Said Lucas: "I got a lot more experience playing over the summer. It's a good thing to play against older guys. As a whole, this summer benefited me and the team."

It was against Massachusetts that Lucas hit the biggest shot of his career and probably the most important of Maryland's Cinderella season. The shot -- a three-pointer -- came moments after Lucas had been blocked by 7-footer Marcus Camby, who then dunked over Duane Simpkins to put the Terrapins behind by 10 early in the second half. But the three-pointer sparked Maryland's comeback and led to a 95-87 upset victory.

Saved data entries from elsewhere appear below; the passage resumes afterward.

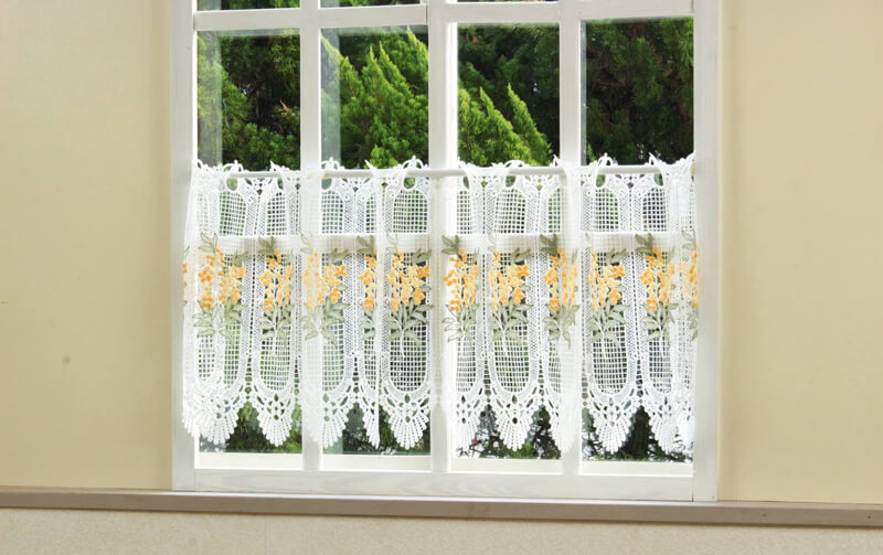総柄刺繍&ギュピール カフェカーテン 約135×60cm [Brilliantly-Crystal]
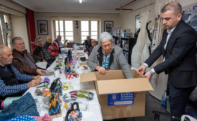Bursa Büyükşehir Belediyesi Huzurevi sakinlerinin her yıl kermes için hazırladığı el emeği atkı, bere, oyuncak ve çanta gibi ürünler bu sene depremzede çocuklara gönderilecek.
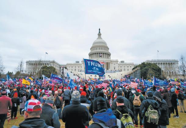 2021年1月6日,在美國(guó)首都華盛頓的國(guó)會(huì)大廈前,特朗普的支持者舉行示威游行。 新華社記者 劉杰攝
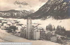 VEDUTA DI UN PAESE SITUATO IN UNA VALLE, IN PRIMO PIANO CHIESA DANNEGGIATA DAI BOMBARDAMENTI
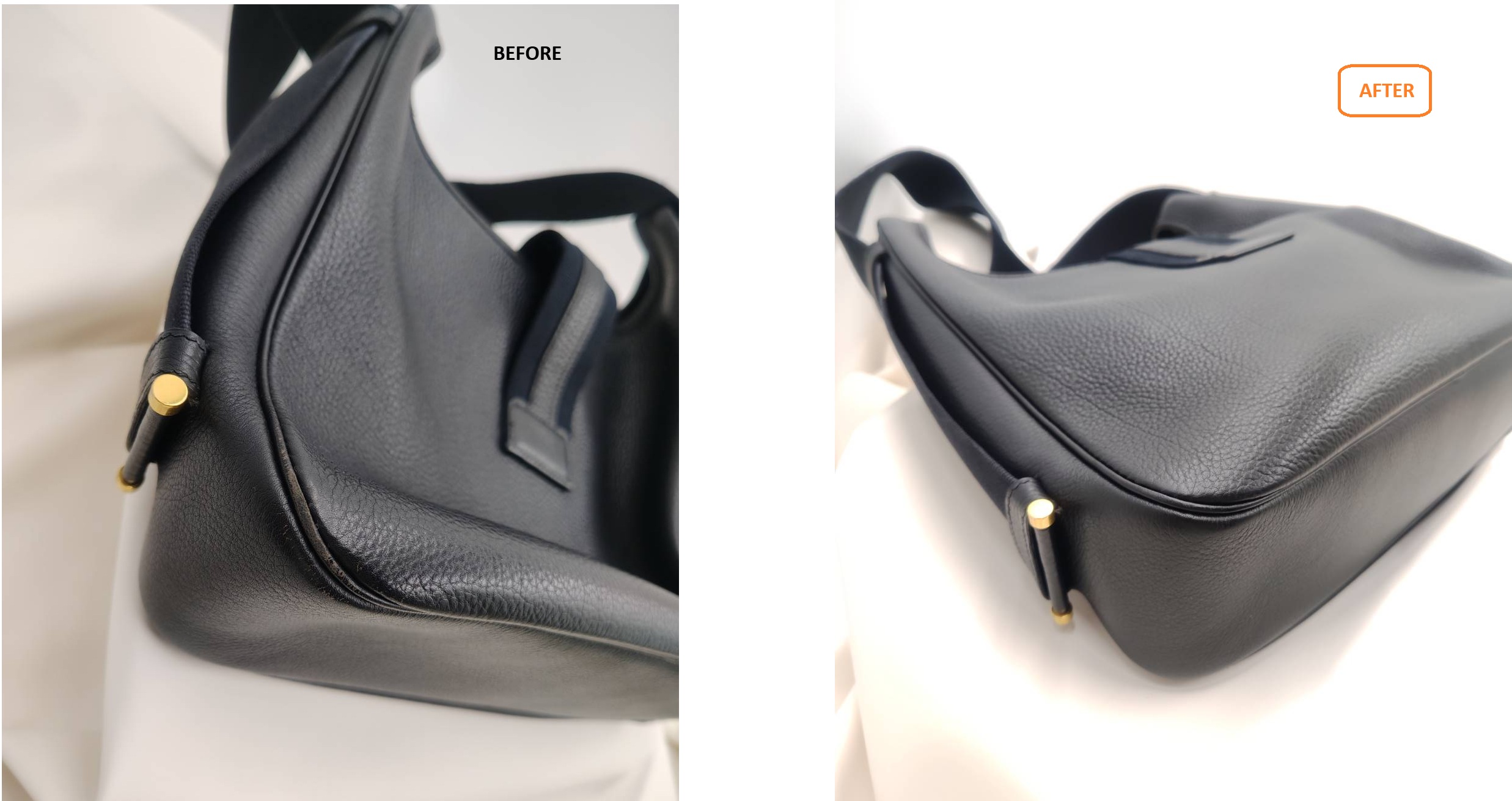 今回ご依頼いただいたのは、エルメスのバッグの角部分にできたスレ傷補修(部分染め直し)です。バッグの角は床や衣類との摩擦が多く、ダメージが集中しやすい箇所です。
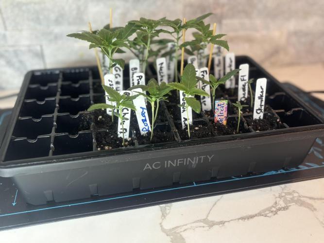 Crop_Top Got all the plants transplanted and labeled (GF decided to name them 🤣). Used FFOF soil, perlite, and worm casings (70/20/10 mixture) in 5gal fabric pots. 48 hours after transplanting I did notice a little purple color in the stems (hoping just from stress) so will be keeping an eye on that the next few weeks. Used CalMag (1mg per gallon) in my RO water and leveled Ph to 6.2 with 230ppm.
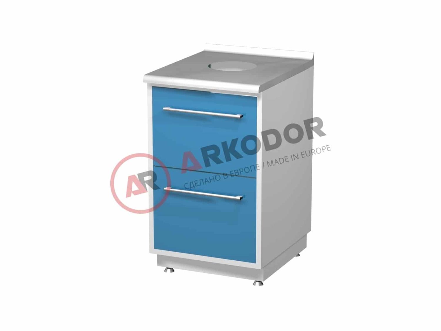 Tумба металлическая с выдвижным ящиком, откидной дверью для хранения гипса и отверстием для отходов гипса, в880 х ш500 х г600мм
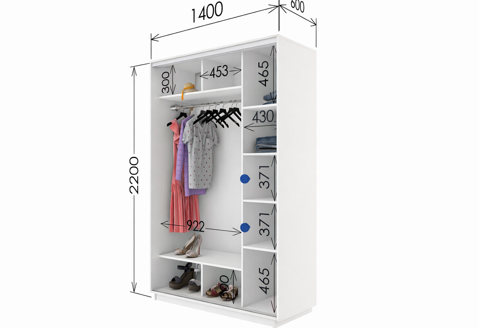 Fotografia 2 - Skriňa s posuvnými dverami 2200x1400x600 1DTD 1 Zrkadlo nymphea alba, profil strieborný
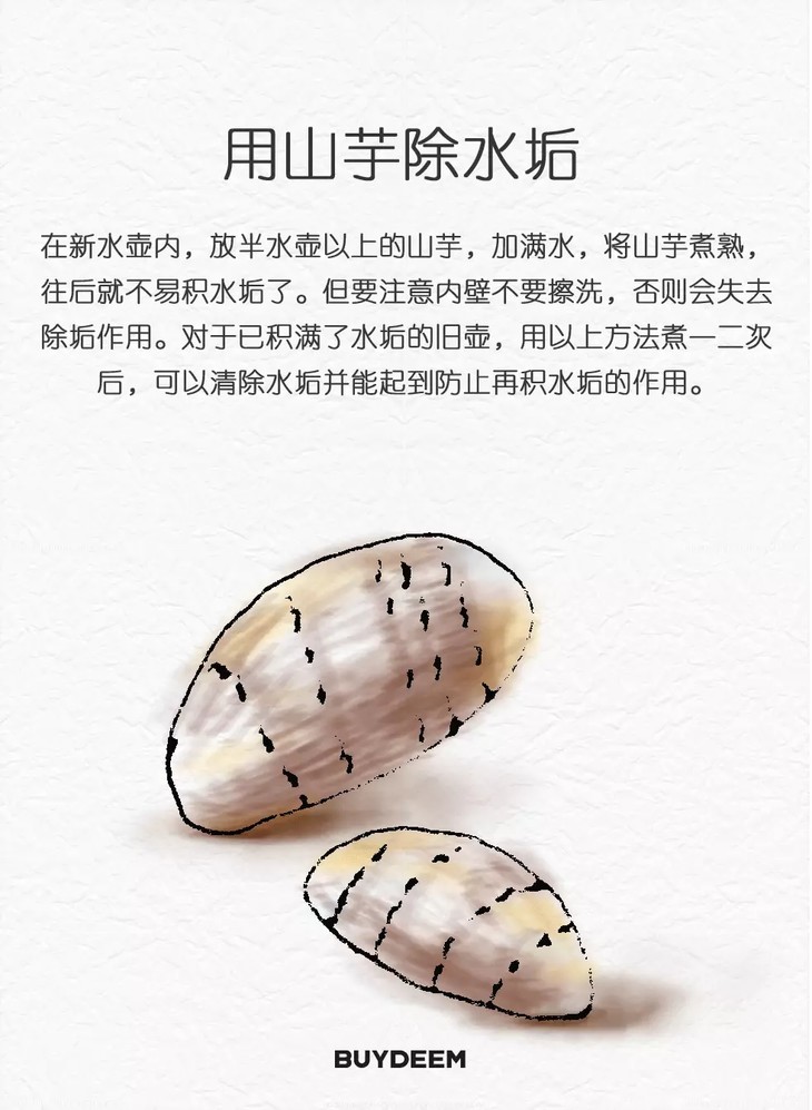在新电水壶内,放半水壶以上的山芋,加满水,将山芋煮熟,煮一二次后,不仅原来的水垢会逐渐脱落,并能起到防止再积水垢的作用。

"I still hear about it," said Lucas, who finished with 10 points and four rebounds in 21 minutes, the kind of numbers Williams would like to see from him this season. "That was fun, to get the game turned around. But this is a new season, and when we play them again [on Dec. 10 at the Baltimore Arena], I'm sure they're going to be hungry."

That sequence was typical of Lucas' sophomore season. One game, he would score 16 points and grab seven rebounds against North Carolina State, but, the next, he would go 0-for-8 and score only one point against Clemson. He wound up averaging 5.4 points and 3.6 rebounds in 16 minutes a game and shooting a shade less than 40 percent from the field.

What Lucas has shown in the first week of practice raises expectations, not to mention a few eyebrows. In the team's first intrasquad scrimmage Saturday at Cole Field House, Lucas helped his teams to a pair of 20-minute victories with impressive numbers: 30 points on 11-for-17 shooting, along with seven rebounds.

"He's extremely important to our team, more than most people think," said Simpkins. "He works Joe probably tougher than anybody in practice. He's not really like a sixth man. He's pretty much like a starter."

Lucas weighs 5 pounds less than he did as a sophomore, but he has traded baby fat for muscle in the hours spent over the summer in the weight room. Though he remains pigeon-toed, Lucas doesn't appear as plodding as he did when running in the past. And his hands seem to be softer, but it's probably more the result of Lucas' becoming surer of himself.

Because of his outside shooting, Lucas gives Williams some flexibility along Maryland's undersized front line. He can play Lucas at power forward with Smith and Booth or at center alongside Booth and freshman Rodney Elliott. The one thing that concerns Williams is a tendency by Lucas to revert back to his past, shooting first and thinking later.

"He's going to get his shots, but he's got to be a little more selective," said Williams. "I want him to shoot when he's open."

Asked about Lucas' playing more consistent minutes this season, Williams said: "He's earned that. We'll be a better team if guys like Joe Smith and Keith Booth can down their minutes a little."

Lucas always has been one of the most reserved players on the Maryland team, a shy country guy from Memphis, Tenn. He is still reserved and polite, but the stern, sometimes sad, game face Lucas seemed to wear is slowly coming down in less serious moments.

Smith's arrival last season helped, because of his own countrified roots and the way he jokingly called Lucas "Ice" for the treatment he needed for an assortment of bumps and bruises. But mostly it's the simple process of maturing.

"I've grown up a lot," said Lucas, "I'm trying to show my emotions more. I wouldn't do that before, but being around Coach has changed that."

A lot has changed for Lucas. His role. His body. And, mostly, his direction.